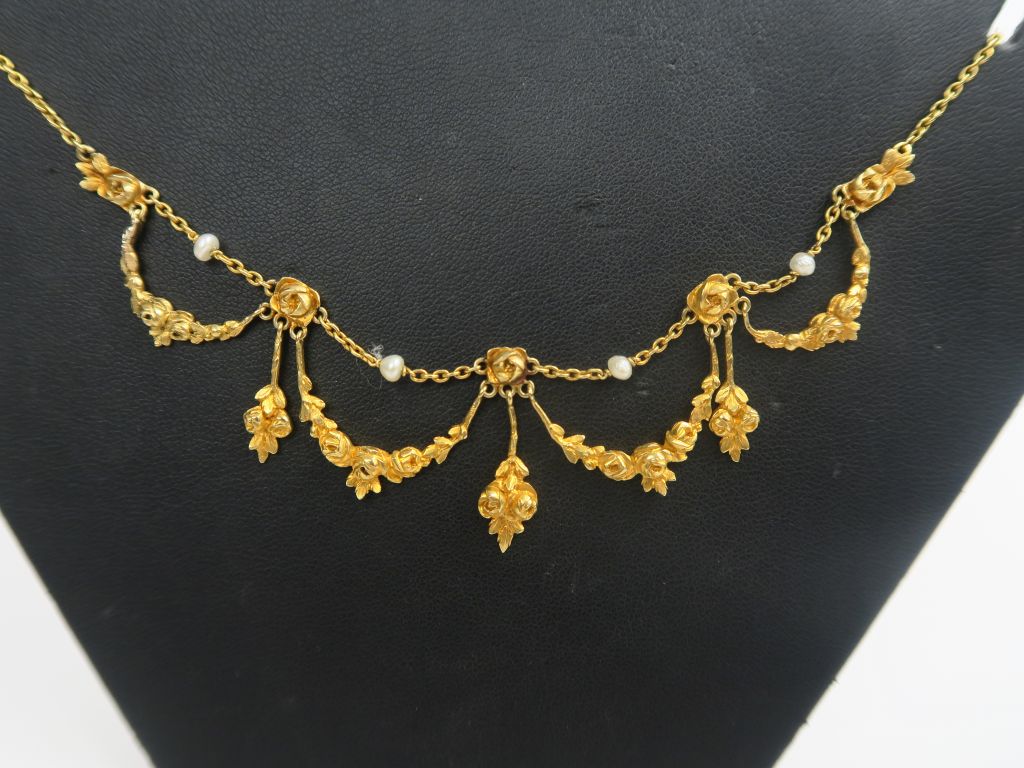 Collier draperie à décor de roses et de perles. Poids tel : 14,7 g
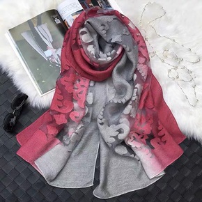 21跨境春秋冬款时尚双色镂空渐变丝巾围巾女剪花欧根...
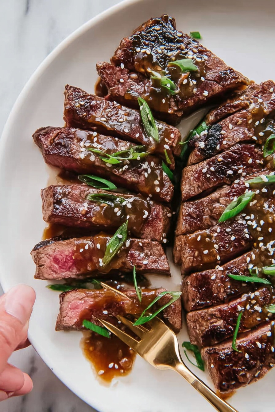 I love sprinkling sliced green onions on top of the finished steaks—it adds a fresh bite and a pop of color that makes the dish look restaurant-worthy. Sometimes, a handful of toasted sesame seeds goes on as well for that little crunch and extra nuttiness.

■ DESCRIPTION OF THE TASK
Your task is to reproduce exactly the lines from the one that holds "21跨境春秋冬款时尚双色镂空渐变丝巾围巾女剪花欧根..." to the last line of the listing, and only those, omitting the pictures.

■ TASK OUTPUT
 21跨境春秋冬款时尚双色镂空渐变丝巾围巾女剪花欧根...
 I love sprinkling sliced green onions on top of the finished steaks—it adds a fresh bite and a pop of color that makes the dish look restaurant-worthy. Sometimes, a handful of toasted sesame seeds goes on as well for that little crunch and extra nuttiness.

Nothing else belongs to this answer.